彼はまるで希望に縋りつくように、頼りげない藁に手を伸ばすように――まだ呪いに犯され切っていない左手をこちらへ伸ばす。
俺はそんな彼の手を――強く握り締めた。
「――安心してください。絶対に治してみせますから」
この闇は『魔族』の呪いすら寄せ付けなかった。
魔族の下位種族『魔獣』の呪いならば、たとえどれだけ重篤な症状であっても治せるはずだ。
「それでは、始めますね」
俺は意識を集中し、グインさんの全身へ闇を纏わり付かせた。
薄く柔らかく、悪いものを消すような感覚で。
すると――赤黒く変色した肌は、みるみるうちに元の美しい肌へ戻っていった。
「ほ、ほぅほぅ……っ!」
機械を通してその様子を観察していたケミーさんから、興味深そうな声があがる。
俺はそれを横目に見ながら、グインさんへ声を掛けた。
「無事に呪いは、解けました。
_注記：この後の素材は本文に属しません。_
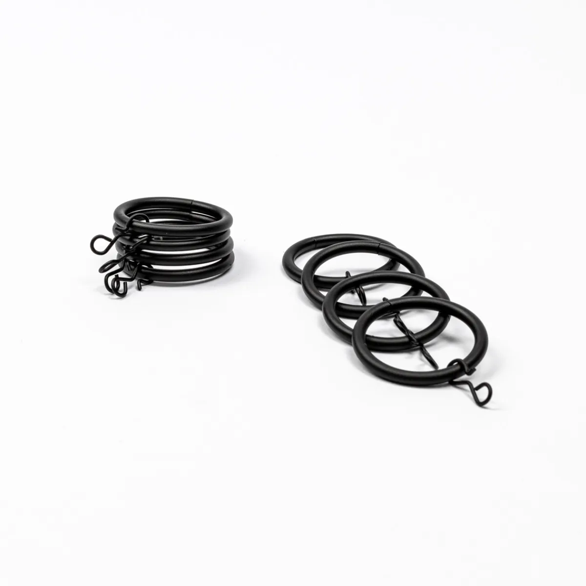Juego De 8 Anillas Negro Mate D20cm | Adorna tus ventanas y garantiza tu intimidad al máximo. Encuentra todos los accesorios para colgar tus cortinas y completar la decoración con el estilo que más te gusta. Contamos con diferentes opciones de soportes, barras de cortina, barras de extensión, rieles que se ajustan a la longitud, al contorno y a las esquinas de cada ventana. También disponemos de una selección de ganchos, anillas, remates todo esto en diferentes colores y materiales | Color: Negro Mate | Medidas: 20cm
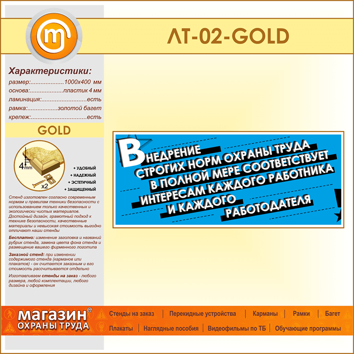 Лозунг «Внедрение строгих норм охраны труда...» (LT-02-GOLD) в Великом Новгороде купить

……お体の具合はどうでしょうか?」
すると、
「あ、あぁ……う、動く……動くぞ……っ!」
彼は診察台に寝そべったまま、右腕を動かしてみせた。
(……やっぱり、立つことはできないか)
長年寝たきりの状態だったため、全身の筋肉がひどく衰えているようだ。
こればっかりは、リハビリをして筋肉を鍛えるしかない。
「す、凄い……っ! 俺の腕が、指が、足が……ちゃんと俺の体が……動くぞ……!」
だが、それでも――彼がとてつもない喜びに包まれているのは、誰の目にも明らかだった。
すると、
「ふむふむ、なるほどなるほど……」
ケミーさんは顕微鏡のような機械から目を離し、何やら考え込み始めた。
「……どうでした? 何かわかりましたか?」
「いえ、さすがにまだ何もわかりません。ただ、とても面白いものを見ることができました」
「面白いもの、ですか……?」
「はい。呪いが解けるその瞬間――赤黒い紋様は、まるでアレンくんの闇を避けるようにして、自壊した風に見えたんですよねぇ……」
「俺の闇を避けるように……?」
「えぇ、とても興味深い反応でした。次はちょっと別の機械を使って、皮膚の表面細胞にどういった反応が起こっているのか、もっと詳しく調べていきますねー」
彼女は別の機械を操作しながら、二人組の聖騎士へ声を掛ける。
「すみません、次は『二番』の方をお願いします」
「「はっ!」」
彼らはすぐに動き出し、担架に乗せられたグインさんを外へ運び出そうとした。
するとその瞬間。
「――ちょ、ちょっと待ってくれ!」
グインさんは突然、大きな声をあげた。
「ど、どうかしましたか? まだどこか痛みますか?」
「いや、もう大丈夫だ……! そうじゃなくて……先生、あ、あんた名前を教えてくれないか……!?」
彼は鬼気迫る勢いで、俺の名前を問うてきた。
「え、えーっと……。アレン=ロードルです」
「アレン=ロードルさん、だな……。その名前、絶対に一生忘れねぇ……っ。ありがとう、あんた凄ぇ人だ……本当に、本当にありがとう……っ!」
長年呪いに苦しめられたグインさんは、心から感謝の言葉を述べた。
「元気になって、本当によかったです。リハビリ、頑張ってくださいね」
俺がそう言うと、彼は嬉しそうに笑った。
「このデカい恩は、いつか必ず返させてもらうぞ……! 首を長くして、待っていてくれよ……っ!」
「――はい、そのときをずっと楽しみに待っていますね」
そうして無事に健康体となったグインさんは、部屋の外へ運び出されたのだった。